● **Records provided**

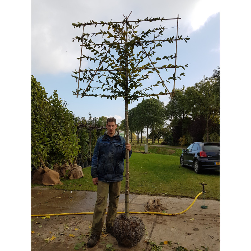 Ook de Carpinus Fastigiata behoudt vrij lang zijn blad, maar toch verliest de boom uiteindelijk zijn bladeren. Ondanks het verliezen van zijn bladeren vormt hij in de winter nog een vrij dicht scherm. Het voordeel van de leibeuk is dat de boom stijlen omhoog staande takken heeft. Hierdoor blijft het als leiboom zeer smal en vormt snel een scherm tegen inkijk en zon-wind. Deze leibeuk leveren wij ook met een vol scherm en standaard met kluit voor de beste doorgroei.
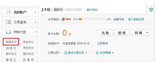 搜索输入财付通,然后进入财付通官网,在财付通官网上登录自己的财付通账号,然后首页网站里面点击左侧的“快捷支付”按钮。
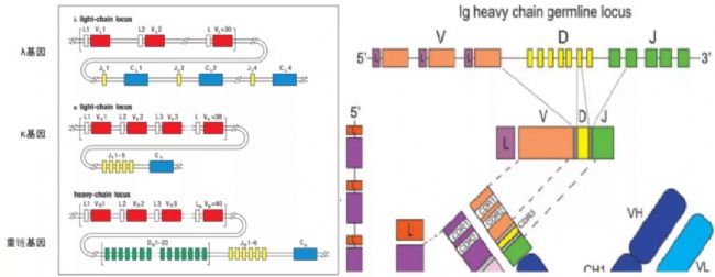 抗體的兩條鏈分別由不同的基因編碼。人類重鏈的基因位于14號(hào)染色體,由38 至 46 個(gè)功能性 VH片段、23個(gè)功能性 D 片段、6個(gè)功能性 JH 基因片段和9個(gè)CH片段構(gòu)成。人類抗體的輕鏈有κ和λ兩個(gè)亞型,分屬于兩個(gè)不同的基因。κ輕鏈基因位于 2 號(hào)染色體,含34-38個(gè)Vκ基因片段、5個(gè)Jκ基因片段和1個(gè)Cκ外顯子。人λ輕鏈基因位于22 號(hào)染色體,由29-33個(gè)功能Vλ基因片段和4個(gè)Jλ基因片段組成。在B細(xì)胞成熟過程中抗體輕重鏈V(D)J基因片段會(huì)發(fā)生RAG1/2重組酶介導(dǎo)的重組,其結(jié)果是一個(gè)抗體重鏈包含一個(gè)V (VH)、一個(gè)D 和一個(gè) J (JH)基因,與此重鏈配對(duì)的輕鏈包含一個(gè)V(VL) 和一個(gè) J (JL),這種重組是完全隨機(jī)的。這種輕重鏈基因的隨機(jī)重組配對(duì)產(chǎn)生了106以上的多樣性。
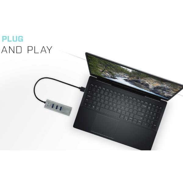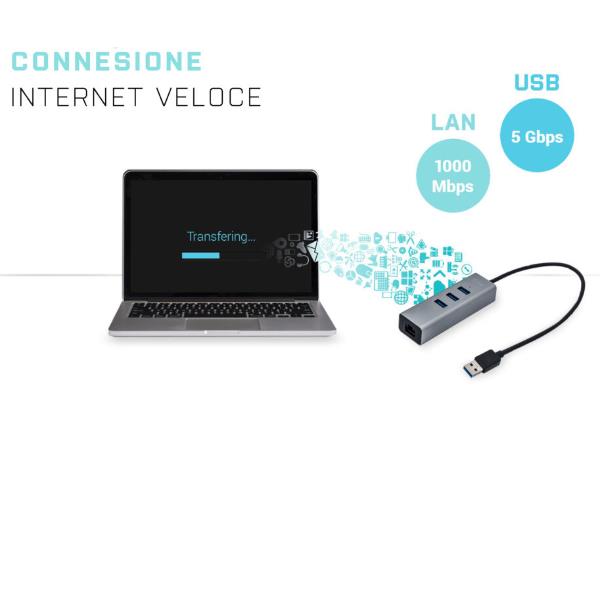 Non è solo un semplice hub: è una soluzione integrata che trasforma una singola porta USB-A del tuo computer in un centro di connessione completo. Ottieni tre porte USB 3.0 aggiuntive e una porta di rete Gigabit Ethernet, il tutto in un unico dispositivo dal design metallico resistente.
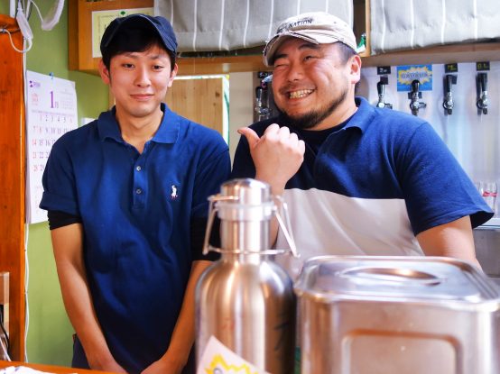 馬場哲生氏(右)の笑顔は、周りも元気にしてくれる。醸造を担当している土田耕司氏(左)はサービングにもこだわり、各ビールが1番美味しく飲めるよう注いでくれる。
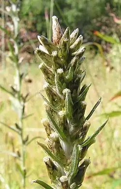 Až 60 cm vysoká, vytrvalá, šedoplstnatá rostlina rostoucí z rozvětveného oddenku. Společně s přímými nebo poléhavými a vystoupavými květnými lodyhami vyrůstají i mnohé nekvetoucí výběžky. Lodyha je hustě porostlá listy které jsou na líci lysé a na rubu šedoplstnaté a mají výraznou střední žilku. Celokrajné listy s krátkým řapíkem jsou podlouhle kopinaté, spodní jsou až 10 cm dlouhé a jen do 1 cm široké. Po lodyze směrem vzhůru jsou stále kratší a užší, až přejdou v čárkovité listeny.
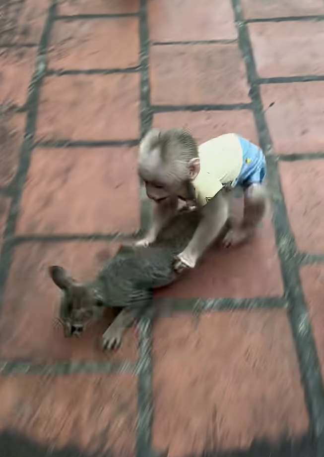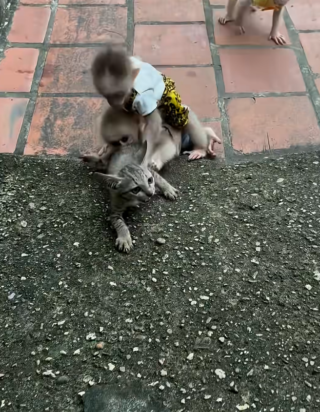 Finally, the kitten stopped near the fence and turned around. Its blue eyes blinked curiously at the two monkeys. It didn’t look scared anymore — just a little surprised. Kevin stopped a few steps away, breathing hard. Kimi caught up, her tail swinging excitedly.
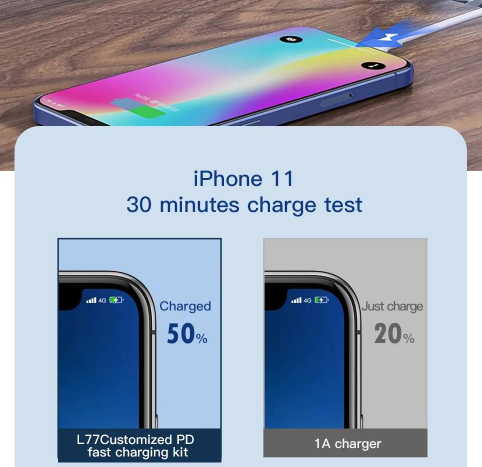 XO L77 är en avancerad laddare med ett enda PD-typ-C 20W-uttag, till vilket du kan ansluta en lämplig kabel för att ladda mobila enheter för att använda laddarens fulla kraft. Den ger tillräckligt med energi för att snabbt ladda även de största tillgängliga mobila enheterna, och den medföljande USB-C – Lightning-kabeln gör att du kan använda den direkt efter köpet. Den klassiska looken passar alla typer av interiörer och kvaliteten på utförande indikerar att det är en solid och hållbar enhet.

● **Exercise aim**
Reproduce the data above exactly, but only from the line containing "Až 60 cm vysoká, vytrvalá, šedoplstnatá" through the line containing "Finally, the kitten"; skip the pictures.

● **Task answer**
 Až 60 cm vysoká, vytrvalá, šedoplstnatá rostlina rostoucí z rozvětveného oddenku. Společně s přímými nebo poléhavými a vystoupavými květnými lodyhami vyrůstají i mnohé nekvetoucí výběžky. Lodyha je hustě porostlá listy které jsou na líci lysé a na rubu šedoplstnaté a mají výraznou střední žilku. Celokrajné listy s krátkým řapíkem jsou podlouhle kopinaté, spodní jsou až 10 cm dlouhé a jen do 1 cm široké. Po lodyze směrem vzhůru jsou stále kratší a užší, až přejdou v čárkovité listeny.
 Finally, the kitten stopped near the fence and turned around. Its blue eyes blinked curiously at the two monkeys. It didn’t look scared anymore — just a little surprised. Kevin stopped a few steps away, breathing hard. Kimi caught up, her tail swinging excitedly.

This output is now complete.